Quels sont les retombées de tous ces tournages pour la ville ?
La création d’emplois constitue la première retombée de l’activité. Quand on a plus de 5000 jours de tournage par an, cela crée de l’emploi pour les 150 000 intermittents du spectacle travaillant en Île-de-France et à Paris.
La deuxième retombée est économique. Les recettes représentent environ 2 millions d’euros par an. A savoir que tourner dans Paris est gratuit, ce qui n’est pas le cas de villes comme New York ou Londres où un droit d’entrée est nécessaire. Tourner dans un musée, à l’hôtel de ville ou dans un endroit particulier induit en revanche des frais. Le stationnement est également à la charge de la production, ce qui génère à la ville une source de revenus supplémentaires.
La troisième retombée est le rayonnement mondial de la ville ! Les publicités tournées à Paris y contribuent également à hauteur de 400 publicités par an. De nombreuses marques de luxe, de parfum et de maroquinerie viennent tourner leurs publicités à Paris, à l’image de Longchamp que nous avons récemment accueillis pour un tournage.
Comment voyez-vous Mission Cinéma évoluer ? Quels sont vos objectifs ?
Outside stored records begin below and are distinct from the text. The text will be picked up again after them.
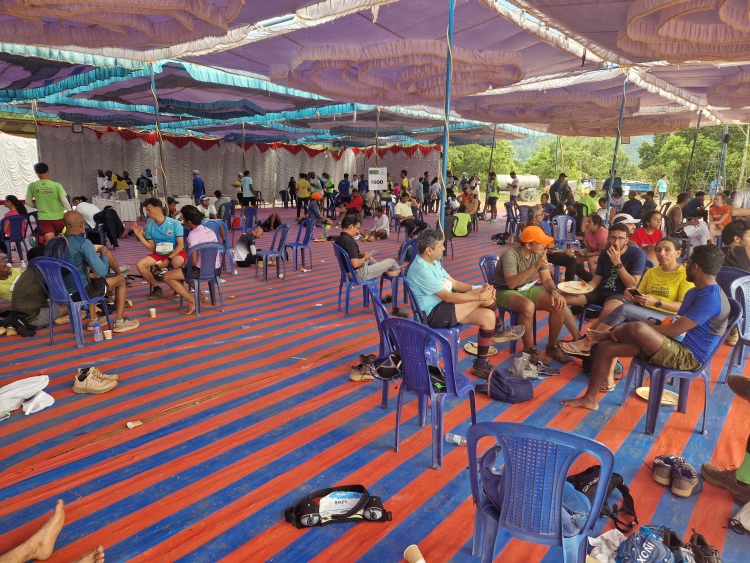 „It is not a race, but a run to promote trailrunning”. Das klingt gut. Getragen wird der Lauf ausschließlich von freiwilligen Helfern, darunter acht Fotografen und mindestens vier Drohnen. In Indien sind persönliche Erinnerungen mindestens genauso wichtig wie bei uns, zumal die Bevölkerung jung ist und wächst, so dass viele ganz am Anfang ihrer „Laufbahn“ stehen. Stöcke sind nicht nötig, einige wenige haben dennoch welche dabei, einige auch nur einen Stock, was ich bisher noch nirgends gesehen habe, was aber die Stabilität wohl durchaus unterstützt. Ansonsten sind die Leute alle sehr professionell ausgestattet, wie bei uns auch. Es gibt ein paar Sandalenläufer, aber die tragen keine Flipflops, die man auf der Straße zu häufig sieht, sondern durchaus ernsthafte Laufsandalen, aus den gleichen Gründen wie bei uns, nicht, weil wir hier in Indien sind.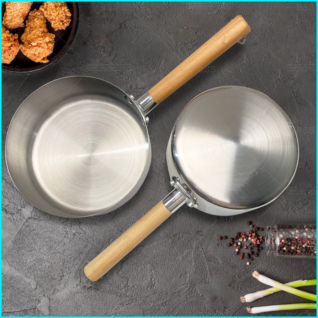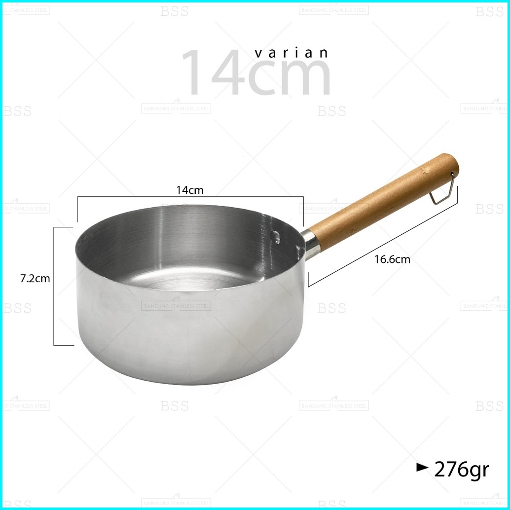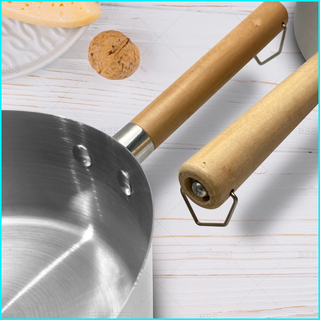 Panci Susu Milk Pot Pegangan Kayu 14cm 16cm 18cm Stainless Steel Murah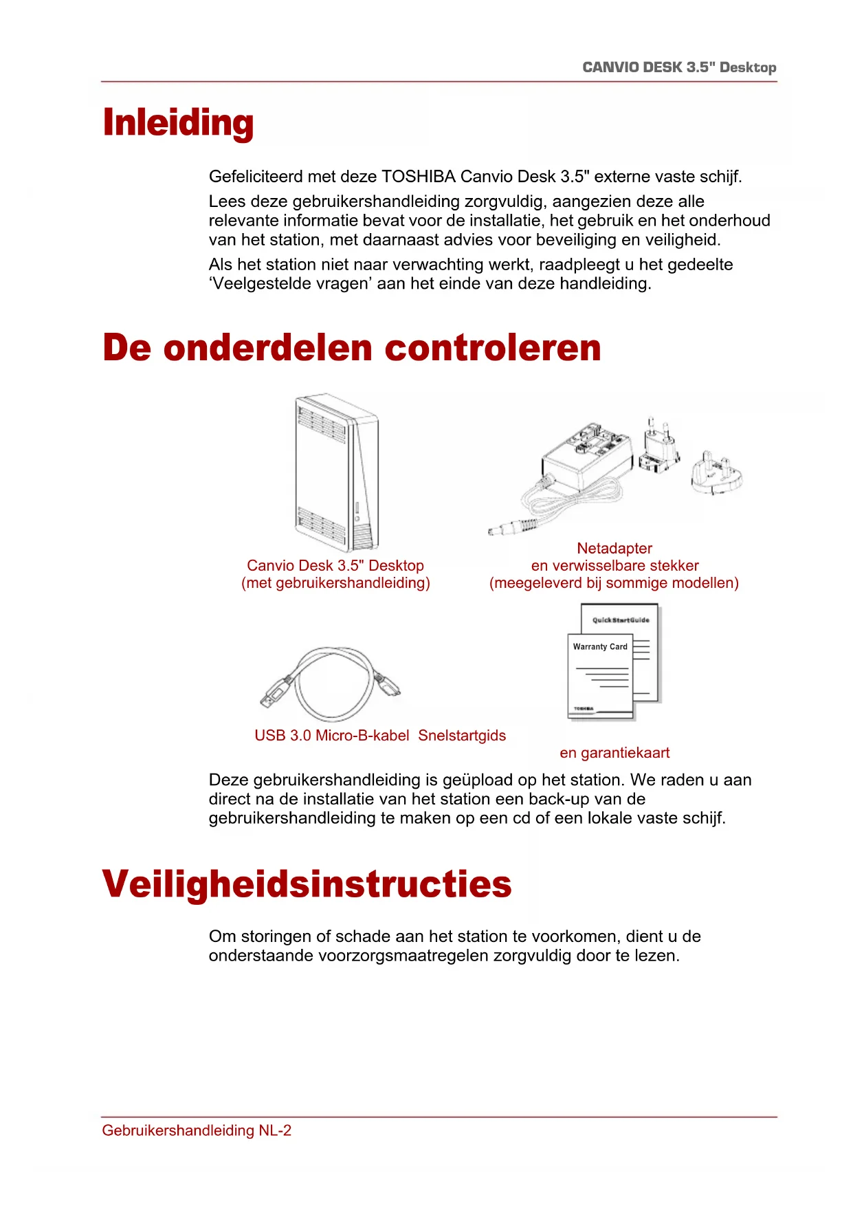 - CANVIO DESK 3.5" Desktop Als ik probeer het station te formatteren, verschijnt het bericht dat de formattering niet kan worden voltooid. A: Dit kan worden veroorzaakt doordat u het station formatteert met het bestandssysteem FAT. Probeer het bestandssysteem NTFS. Hiermee zou u het probleem moeten oplossen. TOSHIBA-ondersteuning Hebt u hulp nodig? Raadpleeg de ondersteuningspagina van TOSHIBA voor vaste schijven en opslagapparaten: www.toshiba.eu/externalstorage/support Voor garantieclaims raadpleegt u: computers.toshiba.eu/options-warranty Voorschriften Overeenstemming met CE-richtlijnen Werkomgeving De elektromagnetische compatibiliteit (EMC) van dit product is gecontroleerd en is standaard voor deze productcategorie voor zogeheten commerciële, lichtindustriële en woonomgevingen. Andere gebruiksomgevingen zijn niet door Toshiba gecontroleerd en het gebruik van dit product in deze gebruiksomgevingen kan beperkt zijn of niet worden aanbevolen. Mogelijke gevolgen van het gebruik van dit product in een niet gecontroleerde gebruiksomgeving zijn: storing van andere producten of van dit product in de nabije omgeving met als gevolg tijdelijke defecten of verlies/beschadiging van gegevens. Voorbeelden van niet gecontroleerde gebruiksomgevingen en bijbehorende adviezen: ■ Industriële omgeving (bijvoorbeeld waar krachtstroom van 380 V (drie fasen) wordt gebruikt): risico van storing van dit product door mogelijke sterke elektromagnetische velden, met name in de buurt van zware machines of elektriciteitsinstallaties. Dit product is voorzien van het CE-keurmerk, in overeenstemming met de vereisten van de toepasselijke EU-richtlijnen. De verantwoording voor de toewijzing van CE-keurmerken ligt bij Toshiba Europe GmbH, Hammfelddamm 8, 41460 Neuss, Duitsland. Een kopie van de officiële verklaring van overeenstemming is verkrijgbaar op de volgende website: http://epps.toshiba-teg.com.Gebruikershandleiding NL-10 CANVIO DESK 3.5" Desktop ■ Medische omgeving: de naleving van de richtlijnen voor medische producten is niet gecontroleerd door Toshiba. Daarom mag dit product zonder verdere controle niet worden gebruikt als medisch product. Het gebruik in normale kantooromgevingen, zoals in ziekenhuizen, mag geen probleem zijn als er geen beperkingen zijn voorgeschreven door de verantwoordelijke leiding. ■ In een voertuig: raadpleeg de instructies van het betreffende voertuig voor advies met betrekking tot het gebruik van dit product (of deze productcategorie). ■ In een vliegtuig: volg de aanwijzingen van het vliegtuigpersoneel voor beperkingen in gebruik. Andere omgevingen zonder EMC ■ Gebruik buitenshuis: aangezien dit een normaal thuis-/kantoorapparaat is, is dit product niet bestand tegen vocht en is het niet schokbestendig. ■ Explosieve omgeving: het gebruik van dit product in een dergelijke speciale werkomgeving (Ex) is niet toegestaan. De volgende informatie is alleen van toepassing voor lidstaten van de EU: REACH - Verklaring van overeenstemming De nieuwe verordening van de Europese Unie (EU) met betrekking tot chemische stoffen, REACH (Registration, Evaluation, Authorization and Restriction of Chemicals ofwel registratie, beoordeling, autorisatie en beperkingen van chemische stoffen), is vanaf 1 juni 2007 van kracht. Toshiba voldoet aan alle REACH-vereisten en verplicht zich klanten informatie te geven over de chemische stoffen in onze producten in overeenstemming met de REACH-verordening. Afvalverwerking van producten Dit symbool geeft aan dat dit product niet als huishoudelijk afval mag worden behandeld. Door ervoor te zorgen dat dit product op de juiste wijze als afval wordt verwerkt, helpt u mogelijke schadelijke gevolgen voor het milieu en de menselijke gezondheid voorkomen. Deze gevolgen kunnen voortvloeien uit een onjuiste afvalverwerking van dit product. Neem voor meer informatie over recycling van dit product contact op met het gemeentekantoor, de afvalverwerkende instantie of de winkel waar u het product hebt gekocht.Gebruikershandleiding NL-11 CANVIO DESK 3.5" Desktop Kennisgevingen ©2014 TOSHIBA Europe GmbH. Alle rechten voorbehouden. TOSHIBA behoudt zich het recht voor om technische wijzigingen aan te brengen. TOSHIBA aanvaardt geen enkele aansprakelijkheid voor schade die direct of indirect voortvloeit uit fouten, weglatingen of afwijkingen tussen het product en de documentatie. De naam Toshiba en de Toshiba-logo’s zijn gedeponeerde handelsmerken van Toshiba. Andere handelsmerken in dit document zijn eigendom van de respectieve eigenaren. Fouten en omissies uitgesloten.Brukerhåndbok NO-1 CANVIO DESK 3.5" Desktop Brukerhåndbok Innhold Innledning p. 2

Notre activité est en permanente évolution. La ville de Paris est notamment en pleine transition écologique et nous avons donc à cœur d’y participer en intégrant cette dimension aux tournages. Cela peut passer par la réduction du nombre de véhicules utilisés par les productions ou l’utilisation de véhicules électriques. Un autre challenge pour nos tournages est celui de la mise en place de nombreuses zones piétonnes ou pistes cyclables dans Paris.
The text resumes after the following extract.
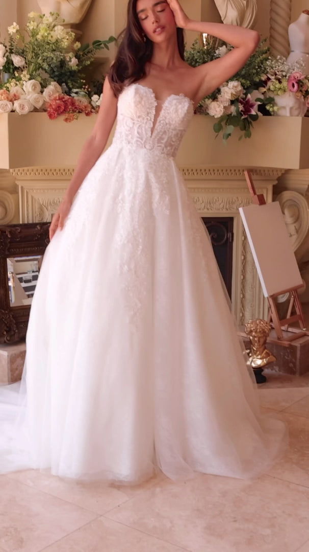 Step into elegance with this strapless ball gown featuring a deep sweetheart neckline and a stunning lace appliqué bodice. Crafted from layered tulle and lace, this gown showcases a structured bodice for enhanced support, ensuring you feel as beautiful as you look. The removable long sleeve bolero adds versatility, making it the perfect choice for a wedding dress or bridal gown.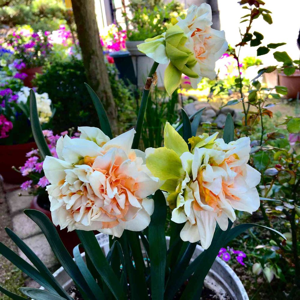 こんにちは☀️八重咲き水仙❣️グラデーションの色合い💕すばらしいですネ〜🙆♀️今日はネコ🐱ちゃんいない😅寂しい😔

Nous voulons également faire évoluer le dispositif scolaire avec le développement de l’accès à l’image et la poursuite de notre mission d’apprentissage auprès de la jeunesse parisienne, et continuer à subventionner les courts-métrages et les nouveaux médias via les fonds mis en place par la mairie.
Un autre enjeu important pour nous est de continuer à aider les cinémas indépendants à se développer et à trouver leur place dans la ville. De beaux projets de constructions de très belles salles à Paris sont en cours et nécessitent notre soutien dans la conduite des travaux.
Comment évaluer vous les conséquences de la pandémie sur votre mission et sur vos objectifs ?
Les conséquences sont dévastatrices ! Nous avons dû mettre en pause les tournages pendant 3 mois. La reprise a eu lieu dès le 11 mai, car nous souhaitions reprendre le plus rapidement possible. Paris a été l’une des premières villes dans le monde à reprendre les tournages. Notre challenge dans les mois à venir va être de gérer les décalages de tournages liés à la pandémie et d’éviter au maximum les embouteillages entre les tournages qui ont été reportés de 3 mois. Nous allons tenter d’accueillir un maximum de tournages tout en laissant aussi des moments de repos au Parisien.